During a profiling session, I got the impression that torch.tensor(x, device='cuda') is blocking. That is, the python script only carries on after the data is effectively on GPU. If an experiment has many small kernels, it can be difficult to refill the GPU queue and get GPU utilization up again.
If torch.tensor is indeed blocking, one should use torch.tensor(x, pin_memory=True).to('cuda') to avoid a synchronization point.
I have not been able to showcase this behaviour on a toy example, and I don’t know where to look into the PyTorch code. If someone savvy could provide some clarification, that would be great.
This is to be expected (at least by me). If x resides on the cpu, then the
cpu will be busy and “block” until it is done with its part of copying the data
to the gpu.
But I believe that torch.tensor() is non-blocking in the sense that it will
return before the gpu is done with whatever work it has to do.
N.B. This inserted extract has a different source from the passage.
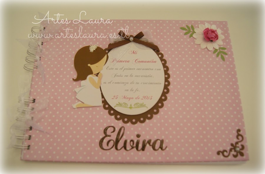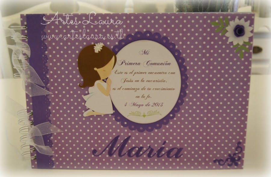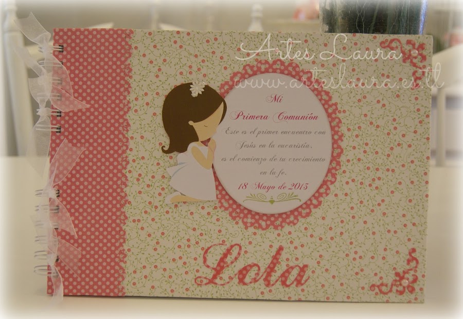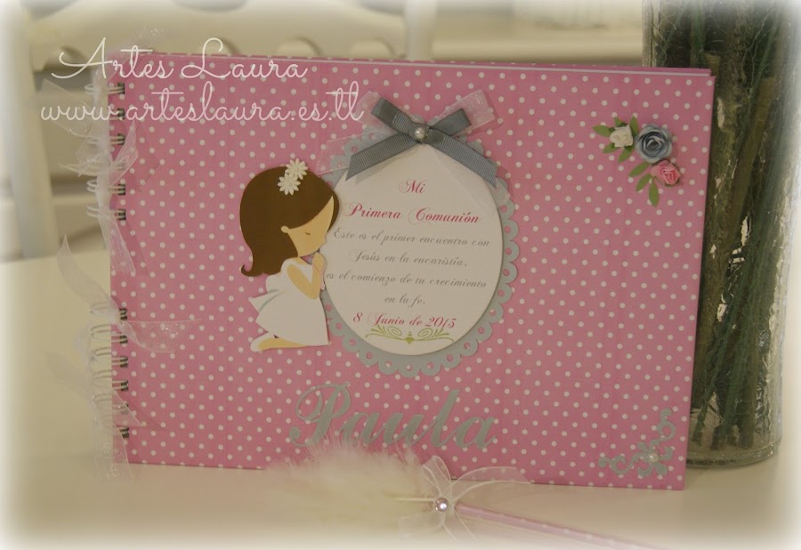 Hola a tod@s, ya estamos de lleno inmersas en las Comuniones. Este año quizás un pelín antes, pero veo que no soy la única pues noto poco movimiento por aquí, se nota que estamos tod@s a tope. Hoy os enseño el conjunto de caja y libro de firmas en tonos lilas de la guapisima Lucía, junto a los regalos que repartirá, unas minilibretas con bolígrafo. También un juego de escritorio en tonos rosas co ...

However,
this non-blocking behavior is hidden because the cpu data-transfer time is
the bottleneck compared to any pure gpu work (at least on my test system).
The non-blocking behavior becomes apparent when x itself resides on the
gpu (or presumably on a second gpu).
Here is a timing script:
import torch
print (torch.__version__)
print (torch.version.cuda)
print (torch.cuda.get_device_name())
import time
import warnings
warnings.filterwarnings ('ignore') # clean up output
for source_device in ('cpu', 'cuda'):
print ('source_device:', source_device)
for iMeg in (100, 200, 400, 800):
if source_device == 'cuda' and iMeg > 400: # avoid out of memory
break
t_source = torch.randn (iMeg, 1000, 1000, device = source_device)
# warmup
tc0 = torch.tensor (t_source, device = 'cuda')
tc0 = None
torch.cuda.synchronize() # make sure gpu is ready
t0 = time.time()
tc1 = torch.tensor (t_source, device = 'cuda')
t1 = time.time()
print ('iMeg:', iMeg, ' t_nosync: ', t1 - t0)
torch.cuda.synchronize()
tc1 = None
torch.cuda.synchronize() # make sure gpu is ready
t0 = time.time()
tc2 = torch.tensor (t_source, device = 'cuda')
torch.cuda.synchronize() # wait for torch.tensor() to actually finish
t1 = time.time()
print ('iMeg:', iMeg, ' t_sync: ', t1 - t0)
tc2 = None
t_source = None
The fact that the gpu → gpu “nosync” timings are much shorter than the
analogous “sync” timings shows that torch.tensor (x, device = 'cuda')
returns asynchronously when x resides on the gpu.
the cpu data-transfer time is the bottleneck compared to any pure gpu work (at least on my test system).
That’s my problem, it did not seem to be the case on a compute node with A100 and a fairly large model, but just like you, I cannot reproduce it locally.